At an intersection of myself, where the hyper met the depressed, I remember this was where the appreciation of who I was at a height. Meaning, somehow when I let it slip that, when people had figured me for this lighthearted ball of joy, I had hidden depths, somehow they appreciated who I was even more. One one hand, this was gratifying, but then again it also grated and was annoying because they had made assumptions. But then again, we all make assumptions, and I believe we make more assumptions about ourselves than anyone else, which is why we end up lost.
Sometimes the hardest thing is to figure out who we are. And either we face it heads on and try out mightiest to solve this universal problem before we kick the bucket and it's no longer a problem, or we just don't care. But to truly not care means we don't give a damn what anyone thinks, that we perhaps lose out in developing who we are, perhaps become hostile and anti-social, or amoral. It is the act of caring who we are with respect to who we are in the presence of others that keeps us who we are. And to understand this underlying concept, we really actually need to take a moment to really think it through; just as we sometimes need to take a breath, or a step back, and consider who it is we wish to be.
So the next question is this: is the act of filtering ourselves for how we act, for what we say, somehow dishonest to the idea of just being yourself? That is where, if we are not careful, we may fall over the edge and get lost, especially if you spend too much time trying to answer this.

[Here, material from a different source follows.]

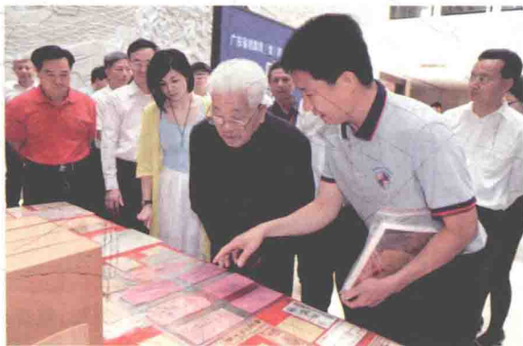
2016年6月9日，广东省档案局（馆）举办国际档案日系列活动。笔者为出席活动的广东省委原书记、省政协原主席吴南生（前排右二）等领导介绍潮汕侨批

I have pulled away from 'interacting' in these past months. Like I have said, I don't really know why. I think it was so that I could find myself. I had things to deal with and the top of the list was nurturing the relationship that was most important. Time was in limited supply, so I figured that I would devote the time available toward this one thing, but then it was the very act of constantly keeping watch over how little time there was that somehow corroded the time itself. Because you are ever more aware to how little there is, and if you are not careful, you find yourself wanting more, and more, and more when there is no more forthcoming. And the reaction to not receiving, and continuously wanting is not healthy. It eats you from the inside out.
Things which remain constant somehow lose their appeal. Perhaps this is why we allow ourselves to slip a little bit, and sometimes a lot, allowing ourselves to become splattered by mud as we trod onward on our journey, allowing ourselves to dip into a pool of misery or turmoil, because it adds some spice or flavour to an otherwise bland pool of sunshine.
So why is it that we internalize these changes, why the dynamic of movement from hot to cold, from up to down, from left to right, from dark to light, make us feel so much more alive? It's a question I have answered so many times and I am always still left asking it.